From the listing below, copy out every line where the word "Samotnych" appears.
:: DATA BLOCK
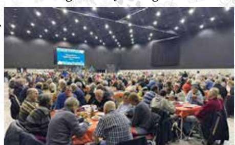
Metropolitalna Wigilia dla Samotnych odbyła się we wsparciu m.in. Gminy Wyr,

Podobnie jak w ubiegłym roku Gmina Wyr włączyła się do organizowanej przez fundację Wolne Miejsce Metropolitalnej Wigilii dla Samotnych. Wydarzenie odbyło się w dzień Wigilii Świąt Bożego Narodzenia
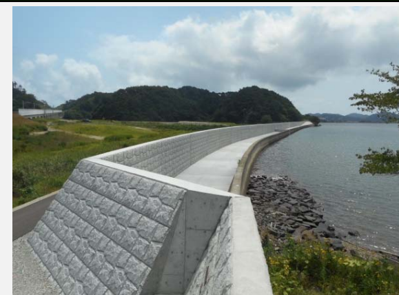
松島町側より東松島側を望む。
::::
ANSWER TO THE PROBLEM:
Metropolitalna Wigilia dla Samotnych odbyła się we wsparciu m.in. Gminy Wyr,
Podobnie jak w ubiegłym roku Gmina Wyr włączyła się do organizowanej przez fundację Wolne Miejsce Metropolitalnej Wigilii dla Samotnych. Wydarzenie odbyło się w dzień Wigilii Świąt Bożego Narodzenia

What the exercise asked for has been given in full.